Of course an argument can be made that under section 75 of the statute a license could be issued for the purpose of beneficial enjoyment to the upland owner, but the board did not issue the license on that basis. An argument can also be made that the Licensee as a riparian owner has a right of access to navigable water (Town of Brookhaven v. Smith, 188 N. Y. 74), but that does not mean that a riparian owner may dredge under navigable waters without the consent of the State and the Federal Governments. We prefer not to rest this opinion to reverse on such tenuous arguments but squarely upon the navigation issue, for essentially it is navigation that is involved.
It should be noted that the proposed dredging is to end at the high water of the Sound and does take in the entrance to Flax Pond. This entrance is the property of the Licensee over which the State has no jurisdiction. We have no doubt that the Licensee intends ultimately to attempt to dredge the entrance to Flax Pond and the pond itself, but the State had no power and did not purport to license any such projects.
We assume for the purposes of this opinion, however, that respondents are aggrieved parties, although this may be subject to some doubt. The respondents attempt to justify their interest on the ground that redredging the channel is preliminary to dredging the entrance to Flax Pond and the pond itself. Granting that this is so, the proceeding herein in no way prejudices any rights the respondents may have in Flax Pond.
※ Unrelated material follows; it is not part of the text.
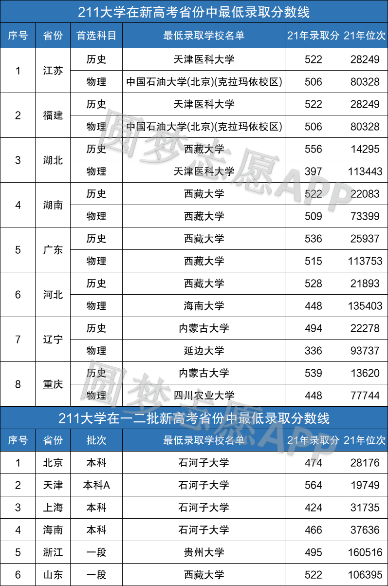 以下是211大学在新高考地区的最低录取情况:

If and when the Licensee attempts to dredge Flax Pond, the respondents *16are free to bring any action they are so advised to protect their alleged rights.
The order of the Appellate Division should be reversed and the petition dismissed, with costs.
Chief Judge Desmond and Judges Dye, Fuld, Van Voorhis, Burke and Scileppi concur.
Order of Appellate Division reversed and that of Special Term reinstated, with costs.
On October 1, 1960, the Board of Commissioners of the Land Office of the State of New York was abolished, and all its functions and powers transferred to the Office of General Services of the State of New York (L. 1960, eh. 462). By chapter 643 of the Laws of 1962, the Public Lands Law was amended generally to change the references therein from the board to the Commissioner of General Services.